**Work request**
Starting at the top of the entries below, print each line exactly until the line with "高腰牛仔九分裤哈伦裤女2025春秋新款宽松百搭显瘦休闲裤子老爹裤" has been printed too.

[[ Records provided open ]]

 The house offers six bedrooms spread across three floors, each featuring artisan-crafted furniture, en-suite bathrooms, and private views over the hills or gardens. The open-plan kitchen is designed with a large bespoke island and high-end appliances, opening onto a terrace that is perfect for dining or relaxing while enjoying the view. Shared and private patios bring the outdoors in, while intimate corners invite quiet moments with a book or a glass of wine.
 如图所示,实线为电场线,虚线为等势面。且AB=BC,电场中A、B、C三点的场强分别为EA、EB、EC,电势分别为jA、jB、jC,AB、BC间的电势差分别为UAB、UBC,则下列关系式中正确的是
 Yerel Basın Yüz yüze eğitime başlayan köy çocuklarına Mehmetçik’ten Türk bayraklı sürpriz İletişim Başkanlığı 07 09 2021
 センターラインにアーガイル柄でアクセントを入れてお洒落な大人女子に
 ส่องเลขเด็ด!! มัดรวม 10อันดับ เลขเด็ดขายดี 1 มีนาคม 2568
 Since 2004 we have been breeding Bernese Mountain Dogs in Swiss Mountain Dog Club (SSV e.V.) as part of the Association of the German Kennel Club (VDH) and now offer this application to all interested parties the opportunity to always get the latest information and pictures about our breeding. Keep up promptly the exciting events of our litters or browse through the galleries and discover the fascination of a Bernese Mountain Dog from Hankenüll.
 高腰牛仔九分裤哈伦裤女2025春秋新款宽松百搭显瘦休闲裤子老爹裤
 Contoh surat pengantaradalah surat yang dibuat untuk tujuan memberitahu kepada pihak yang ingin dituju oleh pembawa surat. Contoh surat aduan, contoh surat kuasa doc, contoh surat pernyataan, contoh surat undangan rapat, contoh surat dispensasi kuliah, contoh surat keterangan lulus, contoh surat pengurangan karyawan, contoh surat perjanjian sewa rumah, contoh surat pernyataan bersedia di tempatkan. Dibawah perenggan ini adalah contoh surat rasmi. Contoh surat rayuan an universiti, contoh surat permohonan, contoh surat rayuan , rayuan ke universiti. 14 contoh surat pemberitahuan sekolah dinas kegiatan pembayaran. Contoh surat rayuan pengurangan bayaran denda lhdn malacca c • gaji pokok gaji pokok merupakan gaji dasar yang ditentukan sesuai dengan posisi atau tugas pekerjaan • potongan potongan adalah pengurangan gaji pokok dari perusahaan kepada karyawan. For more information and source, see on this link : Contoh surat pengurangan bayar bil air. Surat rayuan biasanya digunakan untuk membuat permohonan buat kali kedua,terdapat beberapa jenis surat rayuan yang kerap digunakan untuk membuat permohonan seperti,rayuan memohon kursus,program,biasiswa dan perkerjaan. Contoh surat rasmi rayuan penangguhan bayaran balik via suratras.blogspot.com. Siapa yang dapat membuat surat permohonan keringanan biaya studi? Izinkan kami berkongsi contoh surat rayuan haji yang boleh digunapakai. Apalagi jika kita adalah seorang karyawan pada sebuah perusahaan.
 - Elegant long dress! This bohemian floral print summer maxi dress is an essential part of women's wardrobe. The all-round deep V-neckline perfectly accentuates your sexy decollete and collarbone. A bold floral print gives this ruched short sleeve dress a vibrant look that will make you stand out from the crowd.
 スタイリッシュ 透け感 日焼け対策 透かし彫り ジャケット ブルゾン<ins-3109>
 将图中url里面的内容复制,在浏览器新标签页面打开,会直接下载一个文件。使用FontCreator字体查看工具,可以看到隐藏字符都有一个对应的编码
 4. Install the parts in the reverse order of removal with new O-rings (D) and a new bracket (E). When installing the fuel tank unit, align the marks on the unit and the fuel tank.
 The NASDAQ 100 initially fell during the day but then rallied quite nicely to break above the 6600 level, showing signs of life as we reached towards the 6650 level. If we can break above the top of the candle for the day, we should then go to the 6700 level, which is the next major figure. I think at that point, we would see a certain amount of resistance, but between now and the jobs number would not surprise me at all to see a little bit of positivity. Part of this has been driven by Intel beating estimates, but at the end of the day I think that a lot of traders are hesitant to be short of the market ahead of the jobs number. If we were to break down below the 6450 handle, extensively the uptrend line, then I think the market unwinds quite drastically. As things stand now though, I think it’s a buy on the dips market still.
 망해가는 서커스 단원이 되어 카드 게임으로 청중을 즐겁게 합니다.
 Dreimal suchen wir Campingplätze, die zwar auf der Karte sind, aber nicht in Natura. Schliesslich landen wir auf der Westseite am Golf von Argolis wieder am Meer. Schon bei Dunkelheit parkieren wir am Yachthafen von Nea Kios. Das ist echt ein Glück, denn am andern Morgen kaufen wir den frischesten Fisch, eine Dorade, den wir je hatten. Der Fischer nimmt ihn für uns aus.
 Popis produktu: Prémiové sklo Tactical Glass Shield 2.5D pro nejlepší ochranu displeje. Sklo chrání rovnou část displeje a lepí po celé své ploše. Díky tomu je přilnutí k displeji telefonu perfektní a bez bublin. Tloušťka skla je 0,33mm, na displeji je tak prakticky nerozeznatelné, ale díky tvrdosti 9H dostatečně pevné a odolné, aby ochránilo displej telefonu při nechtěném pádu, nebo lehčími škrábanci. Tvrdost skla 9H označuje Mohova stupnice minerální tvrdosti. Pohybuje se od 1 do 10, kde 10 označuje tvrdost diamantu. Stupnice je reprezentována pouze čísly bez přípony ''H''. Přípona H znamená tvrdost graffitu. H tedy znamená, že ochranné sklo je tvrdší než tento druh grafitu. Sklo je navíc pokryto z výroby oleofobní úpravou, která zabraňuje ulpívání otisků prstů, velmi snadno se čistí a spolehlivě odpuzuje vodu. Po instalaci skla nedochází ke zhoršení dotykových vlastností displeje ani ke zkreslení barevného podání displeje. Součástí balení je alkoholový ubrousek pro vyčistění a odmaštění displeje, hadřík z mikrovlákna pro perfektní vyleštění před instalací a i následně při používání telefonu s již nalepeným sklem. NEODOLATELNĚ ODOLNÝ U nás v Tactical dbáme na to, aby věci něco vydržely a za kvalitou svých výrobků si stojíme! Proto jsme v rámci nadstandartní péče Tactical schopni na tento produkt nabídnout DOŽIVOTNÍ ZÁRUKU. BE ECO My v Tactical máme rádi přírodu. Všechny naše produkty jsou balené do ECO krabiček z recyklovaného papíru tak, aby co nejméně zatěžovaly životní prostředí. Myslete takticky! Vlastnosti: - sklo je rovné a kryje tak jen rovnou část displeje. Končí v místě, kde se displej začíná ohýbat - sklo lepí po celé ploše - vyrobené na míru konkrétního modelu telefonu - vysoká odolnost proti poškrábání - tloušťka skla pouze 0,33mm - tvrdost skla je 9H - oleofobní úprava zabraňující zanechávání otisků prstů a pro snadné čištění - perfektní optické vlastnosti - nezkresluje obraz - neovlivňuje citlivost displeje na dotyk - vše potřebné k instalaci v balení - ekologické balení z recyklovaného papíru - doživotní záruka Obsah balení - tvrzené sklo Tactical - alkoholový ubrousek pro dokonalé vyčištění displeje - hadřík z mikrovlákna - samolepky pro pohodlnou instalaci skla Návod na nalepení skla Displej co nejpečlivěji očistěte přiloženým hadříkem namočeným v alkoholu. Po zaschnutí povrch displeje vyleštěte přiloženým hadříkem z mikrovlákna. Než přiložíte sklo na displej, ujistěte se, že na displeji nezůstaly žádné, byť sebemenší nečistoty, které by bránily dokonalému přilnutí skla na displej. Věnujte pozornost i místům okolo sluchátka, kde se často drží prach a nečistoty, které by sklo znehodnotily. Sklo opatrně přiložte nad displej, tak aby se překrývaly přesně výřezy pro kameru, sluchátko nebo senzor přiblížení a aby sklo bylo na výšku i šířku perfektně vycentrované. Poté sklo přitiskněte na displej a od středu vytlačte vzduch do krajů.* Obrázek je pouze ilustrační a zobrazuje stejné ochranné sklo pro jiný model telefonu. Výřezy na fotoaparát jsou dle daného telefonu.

[[ Records provided closed ]]

**Your response**
 The house offers six bedrooms spread across three floors, each featuring artisan-crafted furniture, en-suite bathrooms, and private views over the hills or gardens. The open-plan kitchen is designed with a large bespoke island and high-end appliances, opening onto a terrace that is perfect for dining or relaxing while enjoying the view. Shared and private patios bring the outdoors in, while intimate corners invite quiet moments with a book or a glass of wine.
 如图所示,实线为电场线,虚线为等势面。且AB=BC,电场中A、B、C三点的场强分别为EA、EB、EC,电势分别为jA、jB、jC,AB、BC间的电势差分别为UAB、UBC,则下列关系式中正确的是
 Yerel Basın Yüz yüze eğitime başlayan köy çocuklarına Mehmetçik’ten Türk bayraklı sürpriz İletişim Başkanlığı 07 09 2021
 センターラインにアーガイル柄でアクセントを入れてお洒落な大人女子に
 ส่องเลขเด็ด!! มัดรวม 10อันดับ เลขเด็ดขายดี 1 มีนาคม 2568
 Since 2004 we have been breeding Bernese Mountain Dogs in Swiss Mountain Dog Club (SSV e.V.) as part of the Association of the German Kennel Club (VDH) and now offer this application to all interested parties the opportunity to always get the latest information and pictures about our breeding. Keep up promptly the exciting events of our litters or browse through the galleries and discover the fascination of a Bernese Mountain Dog from Hankenüll.
 高腰牛仔九分裤哈伦裤女2025春秋新款宽松百搭显瘦休闲裤子老爹裤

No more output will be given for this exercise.